以前我问过如何点击页面上的按钮。它第一次工作,但我意识到,有时它有时它不起作用。问题是我有多个页面,有时我得到一些页面的数字,但对于一些我什么也得不到。有没有办法获得我需要的所有数据? Project是我在Python的这个初学者课程的期末考试。

需要单击的按钮位于页面的右上方,并显示文本“Prikažibloj”。这是我的尝试,但它不能按我的意愿工作:

condos = [
'https://www.nekretnine.rs/stambeni-objekti/stanovi/vracar-lokacija-juzni-bulevar-adresa-vojvode-hrvoja-beograd/1958955/',
'https://www.nekretnine.rs/stambeni-objekti/stanovi/vozdovac-autokomanda-trise-kaclerovica-90m2-trise-kaclerovica/NkvU3_gZyb6/',
'https://www.nekretnine.rs/stambeni-objekti/stanovi/vracar-prote-mateje-78m2-id1187/NkwQVDgJqsw/',
'https://www.nekretnine.rs/stambeni-objekti/stanovi/palilula-botanicka-basta-bulevar-despota-stefana-60m2-bulevar-despota-stefana/1734451/',
'https://www.nekretnine.rs/stambeni-objekti/stanovi/palilula-postanska-stedionica-dalmatinska-94m2-dalmatinska/Nk1bTYWifZj/',
'https://www.nekretnine.rs/stambeni-objekti/stanovi/stari-grad-kalemegdan-strahinjica-bana-37m2-strahinjica-bana/NklcRCutVNB/',
'https://www.nekretnine.rs/stambeni-objekti/stanovi/palilula-borca-moravske-divizije-73m2-moravske-divizije/207667/',
'https://www.nekretnine.rs/stambeni-objekti/stanovi/palilula-visnjicka-banja-slobodana-jovanovica-75m2-slobodana-jovanovica/Nk2nu-zdbzW/',
'https://www.nekretnine.rs/stambeni-objekti/stanovi/zvezdara-mirijevo-jovanke-radakovic-61m2-jovanke-radakovic/NkW5Qg22seE/',
'https://www.nekretnine.rs/stambeni-objekti/stanovi/zvezdara-deram-pijaca-duke-dinic-80m2-duke-dinic/Nk26as4b71N/']

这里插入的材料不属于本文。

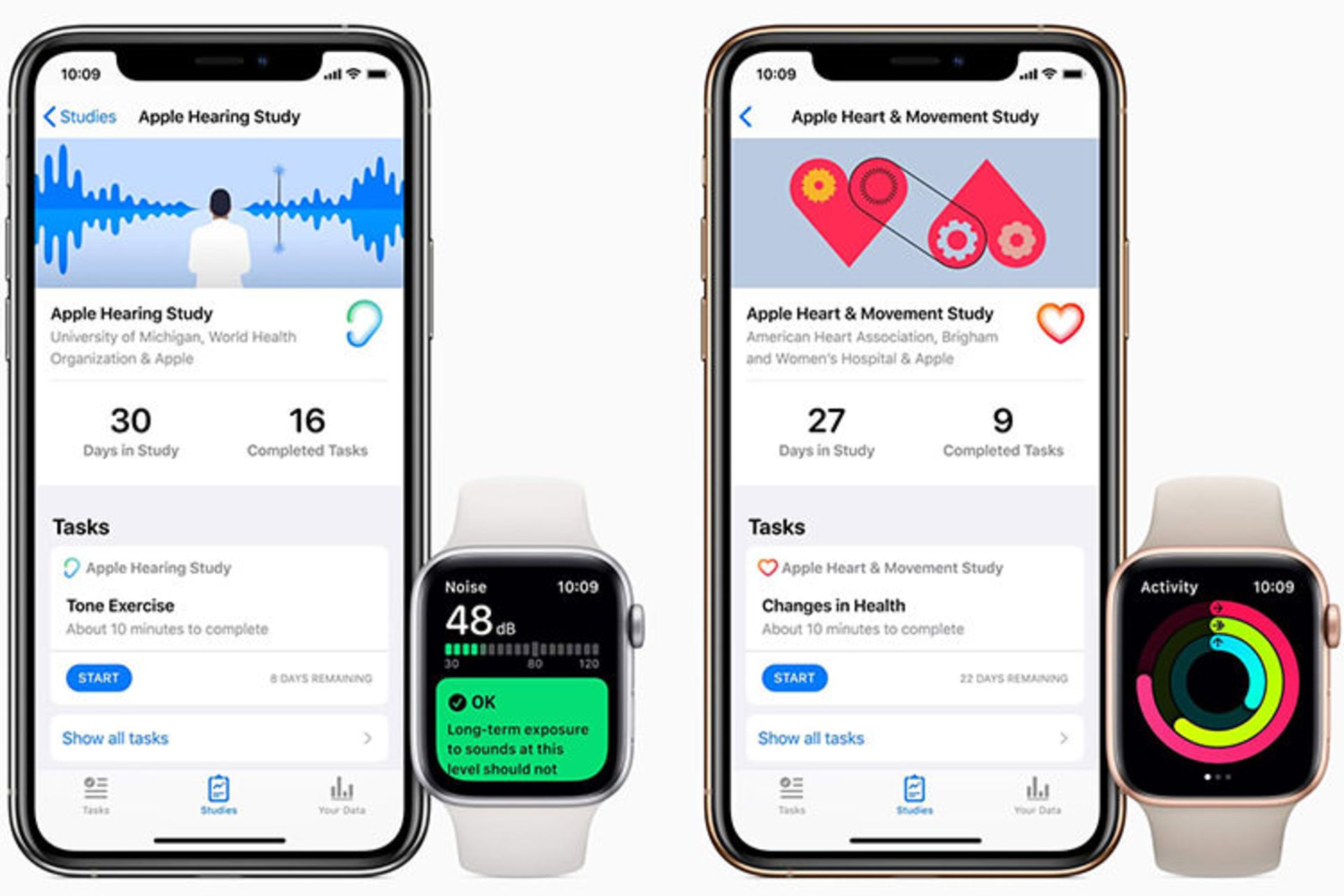 مطالعهی سلامت زنان که بلند پروازانهترین بخش مطالعات اپل است، داده هایی را از برنامه Cycle Tracking در watchOS 6 با هدف بهبود درک علمی از چرخهی قاعدگی جمعآوری میکند و رابطهی دورهی قاعدگی با شرایط مختلف سلامتی مانند سندرم تخمدان، ناباروی، پوکی استخوان و یائسگی را مورد بررسی قرار میدهد که اکنون اینکار از طریق برنامهی جدید اپل امکانپذیر خواهد بود. مطالعهی قلب و حرکت، از انواع سیگنالهای ساعت هوشمند، اطلاعات مربوط به میزان حرکت و میزان سلامتی را بدست میآورد و این میتواند بینشی در مورد اعلان اولیه برای بیماریهای قلبی و کاهش تحرک را فراهم کند. مطالعهی شنوایی نیز، تأثیر قرار گرفتن در معرض صدا بر سلامت شنوایی و اینکه چگونه صدا میتواند بر استرس و سلامت قلب و عروق تأثیر بگذارد را بررسی میکند.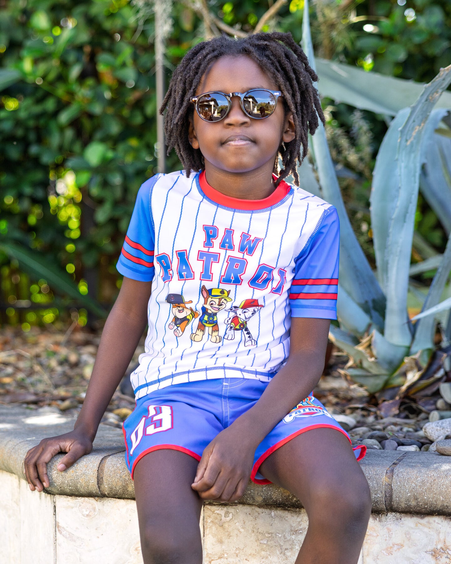 • Cool baseball sports jersey style; Contrast color sleeves; Comfy crew neck collar; Awesome sublimation print artwork; UPF 50+ material for excellent UVB and UVA sun protection and worry-free sun time; Mesh-lined swim shorts; Faux drawstring; Elastic waist for comfortable stretch and a better fit; Pull on closure; Stripe pattern design

condo_agency_home_phones = []
condo_agency_cell_phones = []

options = Options()
options.headless = False
driver = webdriver.Chrome('/Users/Nenad/chromedriver', options=options)
for condo in condos:
    driver.get(condo)
    try:
        element = driver.find_element_by_css_selector('body > div:nth-child(14) > div.row.pt-4 > div.col-lg-4.mb-5 > div.border-box.pt-3.pl-3.pr-3.pb-0.d-none.d-lg-block > div > div.row > div.col-12.col-sm-6.contact-footer > div > div > form:nth-child(2) > button').click()
        sleep(randint(3, 5))
        element2 = driver.find_element_by_css_selector('body > div:nth-child(14) > div.row.pt-4 > div.col-lg-4.mb-5 > div.border-box.pt-3.pl-3.pr-3.pb-0.d-none.d-lg-block > div > div.row > div.col-12.col-sm-6.contact-footer > div > div > form:nth-child(4) > button').click()
        sleep(randint(3, 5))
        home_phone = driver.find_element_by_css_selector('body > div:nth-child(14) > div.row.pt-4 > div.col-lg-4.mb-5 > div.border-box.pt-3.pl-3.pr-3.pb-0.d-none.d-lg-block > div > div.row > div.col-12.col-sm-6.contact-footer > div > div > form:nth-child(2) > span')
        cell_phone = driver.find_element_by_css_selector('body > div:nth-child(14) > div.row.pt-4 > div.col-lg-4.mb-5 > div.border-box.pt-3.pl-3.pr-3.pb-0.d-none.d-lg-block > div > div.row > div.col-12.col-sm-6.contact-footer > div > div > form:nth-child(4) > span')
        condo_agency_home_phones.append(home_phone.text)
        condo_agency_cell_phones.append(cell_phone.text)
    except:
        condo_agency_home_phones.append('NaN')
        condo_agency_cell_phones.append('NaN')

我得到的解决方案是:

element = driver.find_element_by_css_selector('button[type="button"]').click()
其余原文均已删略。